#### Given information:
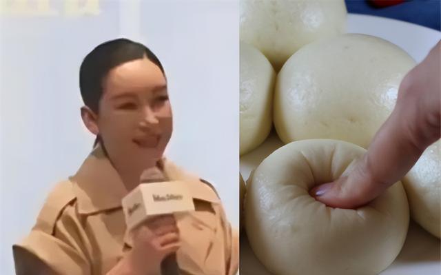 衣服和形状与普通人没有什么不同,但她的脸处于浮肿的状态,感觉就像是用发面做成的馒头。从对比图中可以看出,有毛面的馒头表面看起来很饱满,但挤压后会变得柔软。秦海璐的整张脸看起来像是裹着发面的馒头,看起来很丰满,但一捏就碎了。
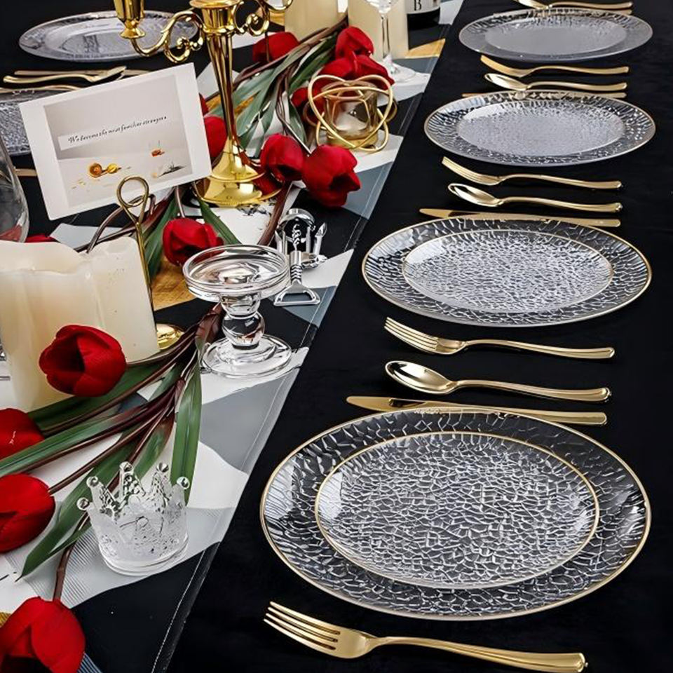 Juego de vajilla de plástico transparente desechable sostenible de alto grado con diseño de planta de oro/plata/oro rosa personalizado de 350 piezas para fiestas
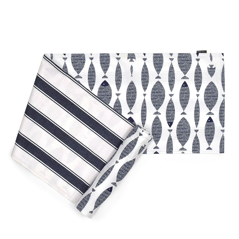 テーブルランナー・テーブルセンター (30cm×180cm) リバーシブルタイプ 綿100% ブルーフィッシュ
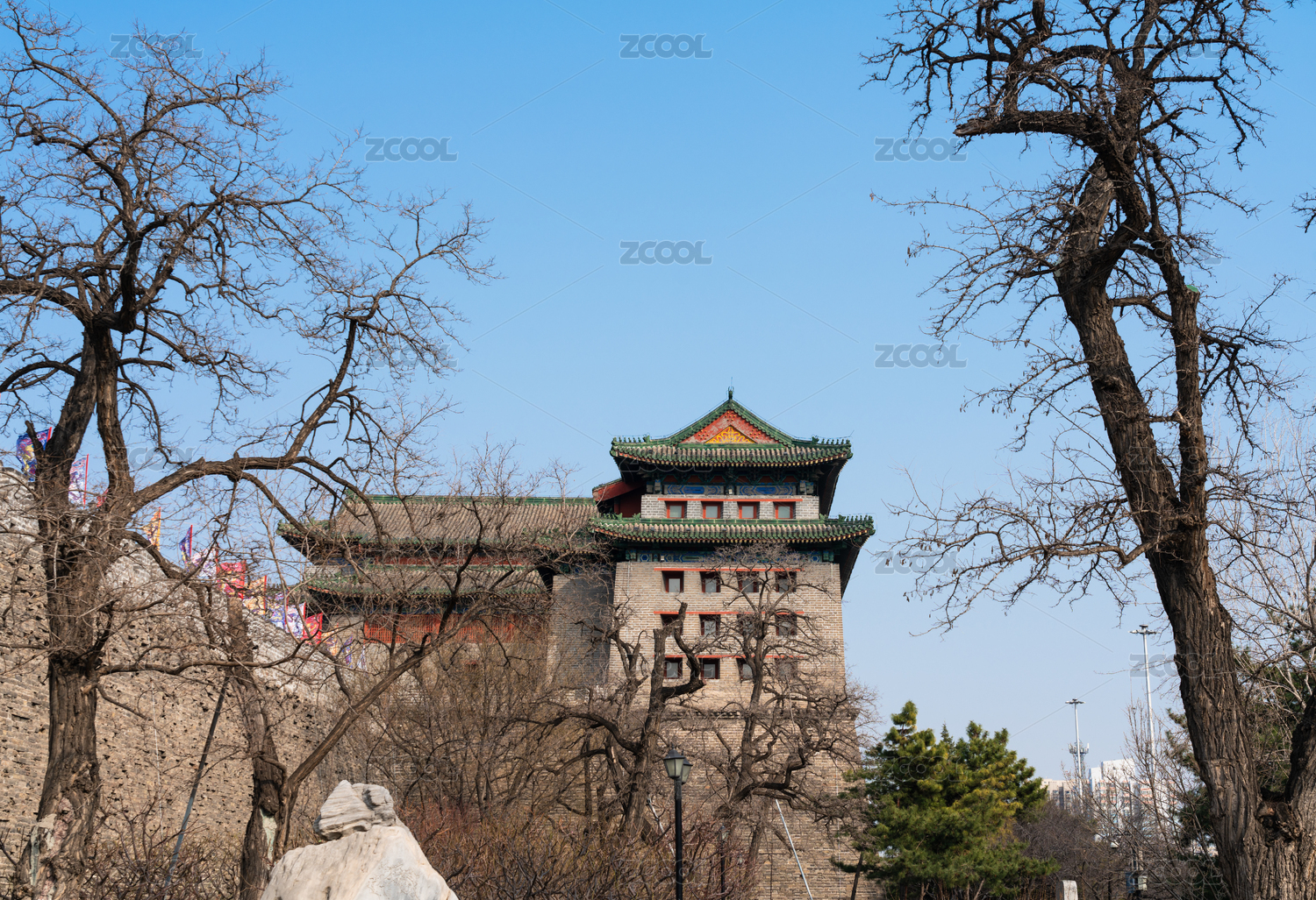 北京明城墻遺址公園東便門角樓古建筑

#### Problem to work on:
Print out the material word for word, omitting the pictures.

#### Written response:
 衣服和形状与普通人没有什么不同,但她的脸处于浮肿的状态,感觉就像是用发面做成的馒头。从对比图中可以看出,有毛面的馒头表面看起来很饱满,但挤压后会变得柔软。秦海璐的整张脸看起来像是裹着发面的馒头,看起来很丰满,但一捏就碎了。
 Juego de vajilla de plástico transparente desechable sostenible de alto grado con diseño de planta de oro/plata/oro rosa personalizado de 350 piezas para fiestas
 テーブルランナー・テーブルセンター (30cm×180cm) リバーシブルタイプ 綿100% ブルーフィッシュ
 北京明城墻遺址公園東便門角樓古建筑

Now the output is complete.